Nevertheless, alarmed by the developments on its frontiers, New Delhi ordered $3.4 billion worth of arms from the US in 2021, up from $6.2 million in 2019, and has sought faster deliveries of crucial weaponry that it has on order from countries such as the US, Russia and Israel.

The US, meanwhile, projected a high profile at Aero India show in Bengaluru by showcasing for the first time in India its most advanced fighter jet, the Lockheed Martin F-35 Lightning II, alongside the General Dynamics F-16 Fighting Falcon, Boeing F/A-18 Super Hornet and Rockwell B-1B Lancer supersonic conventional bomber, in an evident effort to overshadow Russia, India’s largest weapons supplier since the Soviet Union era.

The American delegation was the biggest in the 27-year history of this defence exposition, whereas Russia had but a nominal presence, State-owned arms exporter Rosoboronexport having a joint stall with United Aircraft and Almaz-Antey.

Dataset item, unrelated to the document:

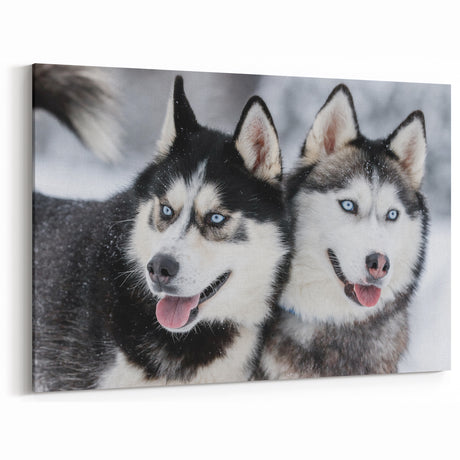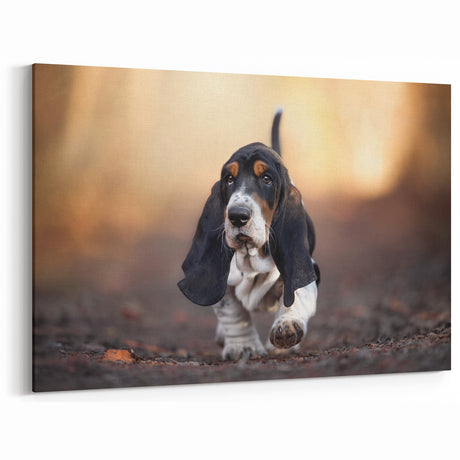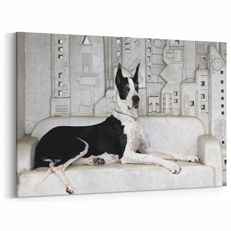 • Stretched canvas wall art featuring a colorful design of various dog breeds in a playful arrangement, perfect for pet lovers and home decor enthusiasts.

India might eventually opt for some of the American combat aircraft on offer, if only to placate Washington that had lost out to the Rafale of France’s Dassault Aviation that was selected over the F-16 Block 70 and F/A-18 E/F Super Hornet.

The US also resented India’s $5.43 billion purchase of five S-400 Triumf self-propelled surface-to-air missile systems from Russia, but had nevertheless refrained from sanctioning New Delhi under the Countering America’s Adversaries through Sanctions Act (CAATSA). The Kremlin is aware that India can well use the S-400s against China or Pakistan, both of whom are the few remaining allies of Russia.

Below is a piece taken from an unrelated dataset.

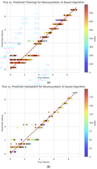 We also employed the coefficient of determination, or R-squared (R2), to determine the proportion of variance in the dependent variable that could be predicted from the independent variables. R2 values are on a scale from 0 to 1, where 1 signifies an ideal fit. The neurosymbolic algorithm outperformed with R2 values of 0.9379 and 0.9141 for training and validation, respectively, in comparison to the simple ANN’s R2 values of 0.8667 and 0.8405. The higher R2 values indicate a superior predictive accuracy and model performance by the neurosymbolic algorithm.

India has limitations on counselling Putin for a diplomatic resolution of his military adventurism, particularly when on its own border issue with China it has been unable to wrest any climb-down in Chinese excesses at the LAC even after 17 rounds of Corps Commander-level talks.

Modi did telephone Putin to urge him to negotiate a settlement with the Western powers, and this was noteworthy. After all, he has himself avoided even identifying China as the aggressor, and refrained from raising the issue by calling President Xi, which many Indians believe would have helped defuse the border impasse. New Delhi has reportedly also urged Washington to avoid mentioning China’s cross-border intrusions in Indo-US joint statements so as not to “provoke” Beijing.

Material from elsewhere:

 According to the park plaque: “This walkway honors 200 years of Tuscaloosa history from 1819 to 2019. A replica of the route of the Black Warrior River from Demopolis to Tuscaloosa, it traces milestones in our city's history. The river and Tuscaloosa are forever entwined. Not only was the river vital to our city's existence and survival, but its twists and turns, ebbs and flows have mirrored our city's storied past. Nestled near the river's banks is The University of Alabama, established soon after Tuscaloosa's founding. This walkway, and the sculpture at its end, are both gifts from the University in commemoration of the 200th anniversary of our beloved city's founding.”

These factors run counter to Modi’s own claims, made during his electoral campaign in 2019, that he was the only leader who could provide a strong government and make India a “superpower”. Despite such beliefs, India’s international standing has been declining, as the global community stands witness to his government’s inability to counter China, its grievous mishandling of the lockdown and of the second Covid-19 wave, as also its draconian vendetta politics where it has weaponised law enforcement agencies against dissenters and minorities.

Though 5,240 km away from the hostilities in Ukraine, India is feeling the heat, as it treads a fine line between Russia and the US-led NATO alliance. Besides its strategic partnerships with both Russia and the US, the two warring powers are also respectively its first and second largest vendors of arms.

India is mindful, though it has never publicly acknowledged, that it is principally their high esteem for India as a coveted client that has driven these “strategic partnerships”, which are essentially transactional relationships.